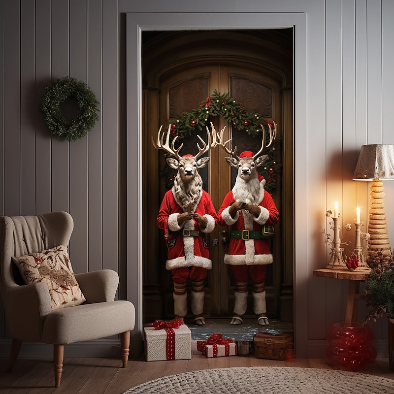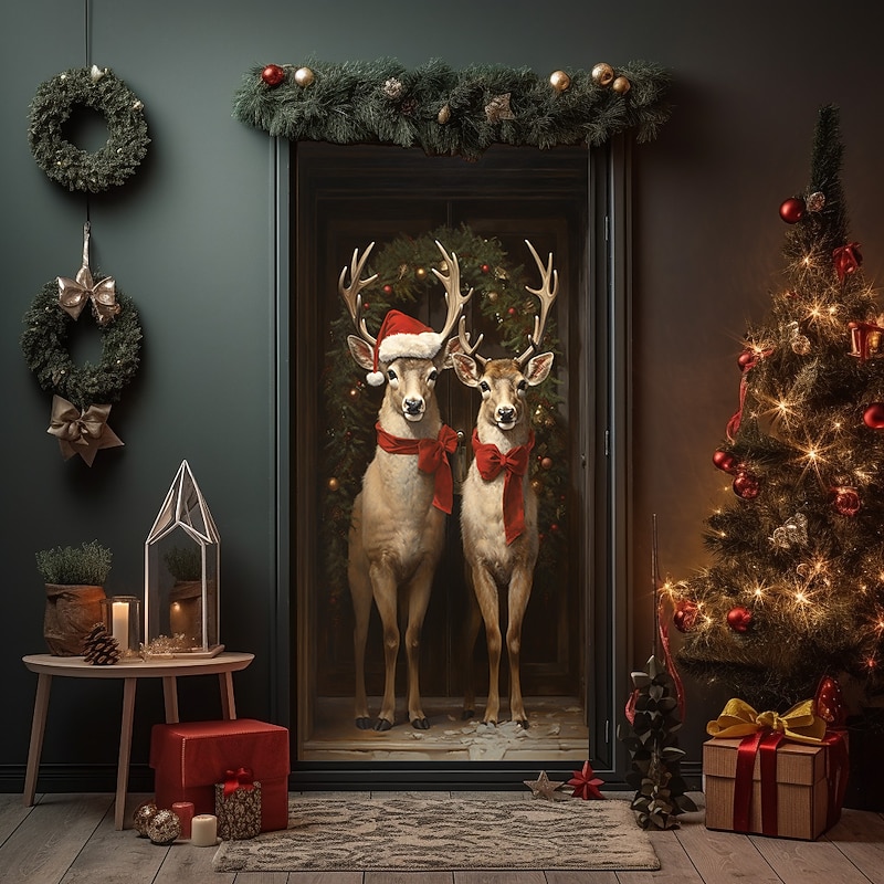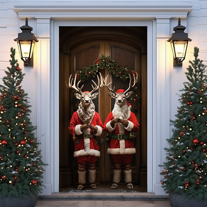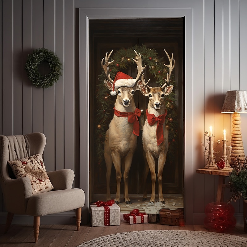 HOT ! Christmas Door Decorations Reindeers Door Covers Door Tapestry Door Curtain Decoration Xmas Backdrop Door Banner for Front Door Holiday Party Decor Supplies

====

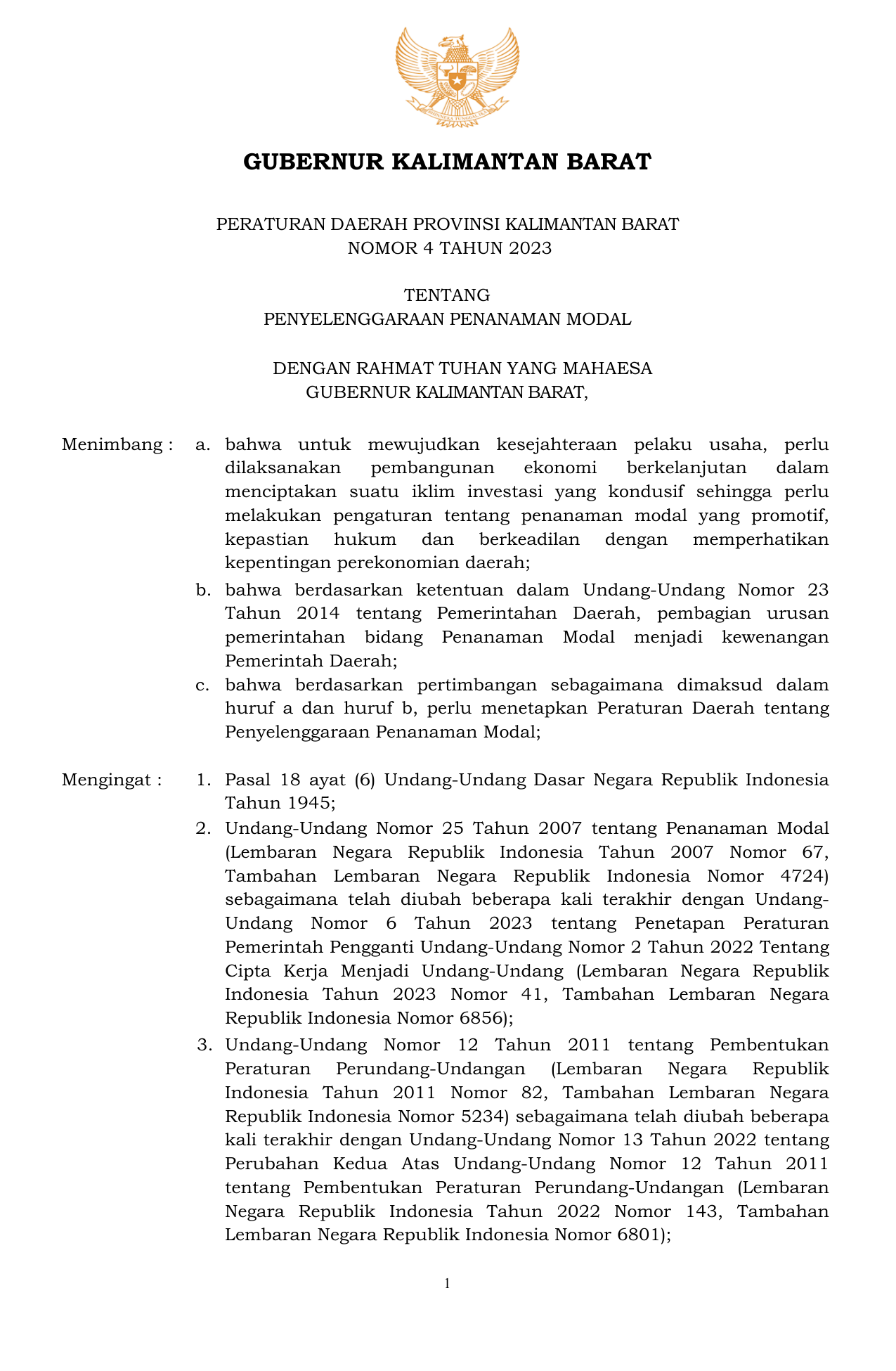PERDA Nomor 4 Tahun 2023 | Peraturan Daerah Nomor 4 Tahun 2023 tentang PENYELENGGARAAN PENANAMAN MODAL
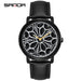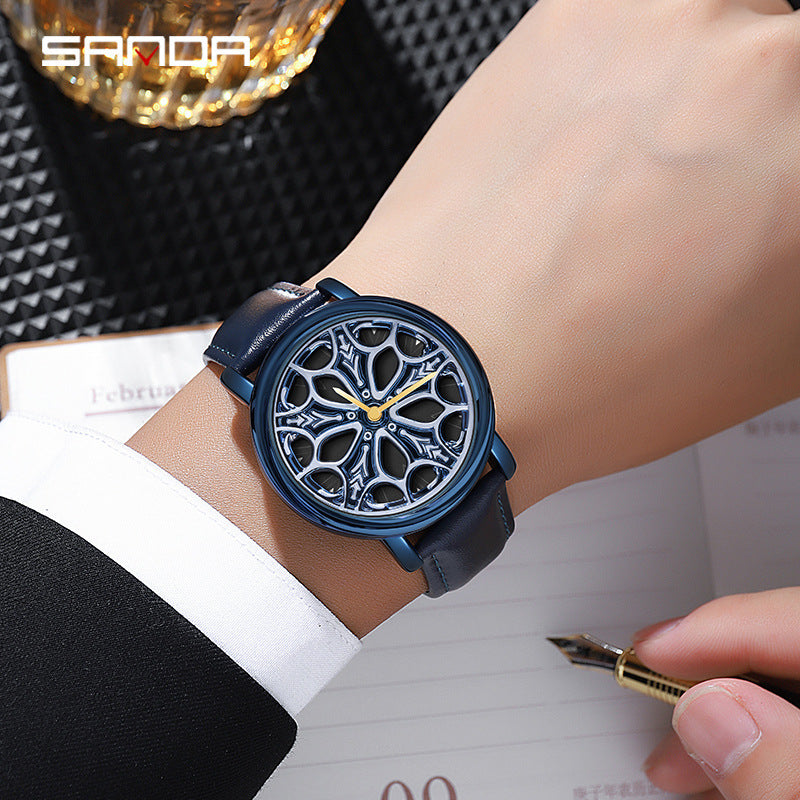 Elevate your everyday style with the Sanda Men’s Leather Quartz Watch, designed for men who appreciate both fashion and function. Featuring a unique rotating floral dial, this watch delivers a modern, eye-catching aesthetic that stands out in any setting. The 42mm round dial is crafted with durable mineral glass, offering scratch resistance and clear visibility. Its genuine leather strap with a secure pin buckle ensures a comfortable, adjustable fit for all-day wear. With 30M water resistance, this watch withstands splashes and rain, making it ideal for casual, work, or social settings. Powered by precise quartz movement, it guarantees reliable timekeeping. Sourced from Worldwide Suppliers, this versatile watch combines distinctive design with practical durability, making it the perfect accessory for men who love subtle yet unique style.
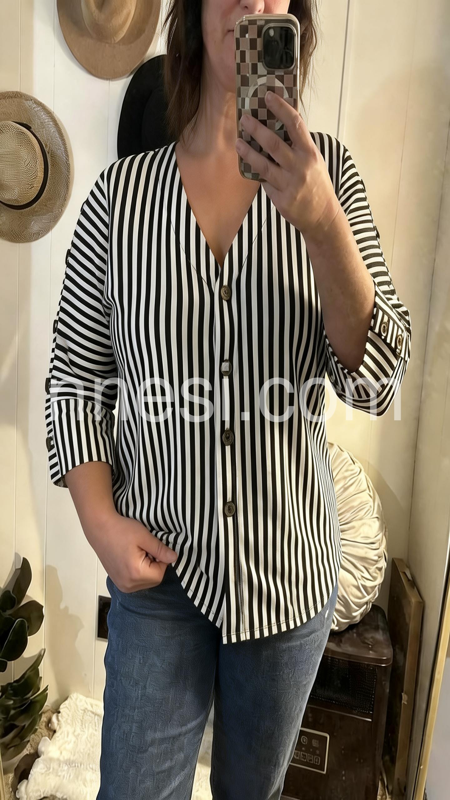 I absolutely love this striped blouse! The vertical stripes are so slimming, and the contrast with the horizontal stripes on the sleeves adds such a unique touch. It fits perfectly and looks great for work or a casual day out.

====

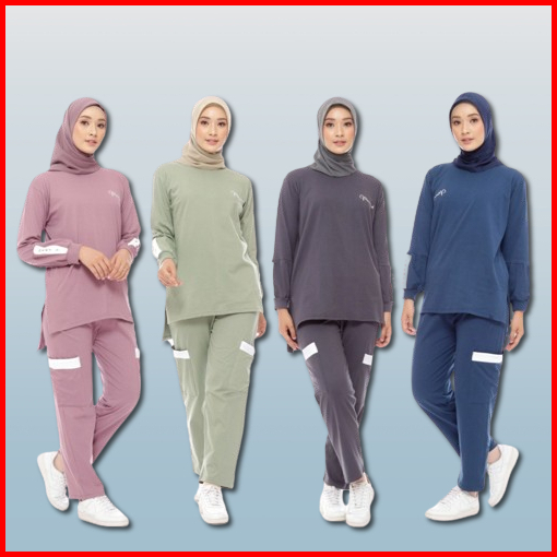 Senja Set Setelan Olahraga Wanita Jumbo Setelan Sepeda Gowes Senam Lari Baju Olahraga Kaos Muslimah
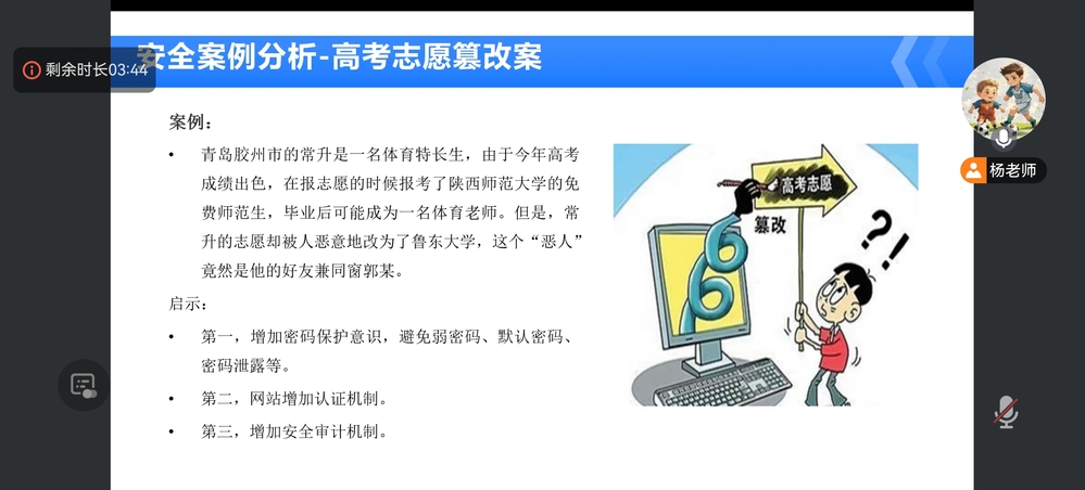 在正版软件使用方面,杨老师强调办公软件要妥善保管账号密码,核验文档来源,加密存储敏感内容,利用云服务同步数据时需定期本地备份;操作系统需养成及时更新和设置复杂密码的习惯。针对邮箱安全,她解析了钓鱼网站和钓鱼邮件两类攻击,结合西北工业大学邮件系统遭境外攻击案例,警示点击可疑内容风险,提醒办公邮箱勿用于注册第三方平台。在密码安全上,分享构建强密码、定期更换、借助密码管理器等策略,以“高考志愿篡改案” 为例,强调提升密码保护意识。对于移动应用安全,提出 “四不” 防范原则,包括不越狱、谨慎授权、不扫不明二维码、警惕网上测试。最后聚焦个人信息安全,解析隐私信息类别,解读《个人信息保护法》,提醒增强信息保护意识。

====

■ Exercise aim:
For this exercise, transcribe exactly the part of the records above that opens with the line containing "Elevate your everyday" and closes with the one containing "I absolutely love". Pictures are not part of the copy.

■ Reply:
 Elevate your everyday style with the Sanda Men’s Leather Quartz Watch, designed for men who appreciate both fashion and function. Featuring a unique rotating floral dial, this watch delivers a modern, eye-catching aesthetic that stands out in any setting. The 42mm round dial is crafted with durable mineral glass, offering scratch resistance and clear visibility. Its genuine leather strap with a secure pin buckle ensures a comfortable, adjustable fit for all-day wear. With 30M water resistance, this watch withstands splashes and rain, making it ideal for casual, work, or social settings. Powered by precise quartz movement, it guarantees reliable timekeeping. Sourced from Worldwide Suppliers, this versatile watch combines distinctive design with practical durability, making it the perfect accessory for men who love subtle yet unique style.
 I absolutely love this striped blouse! The vertical stripes are so slimming, and the contrast with the horizontal stripes on the sleeves adds such a unique touch. It fits perfectly and looks great for work or a casual day out.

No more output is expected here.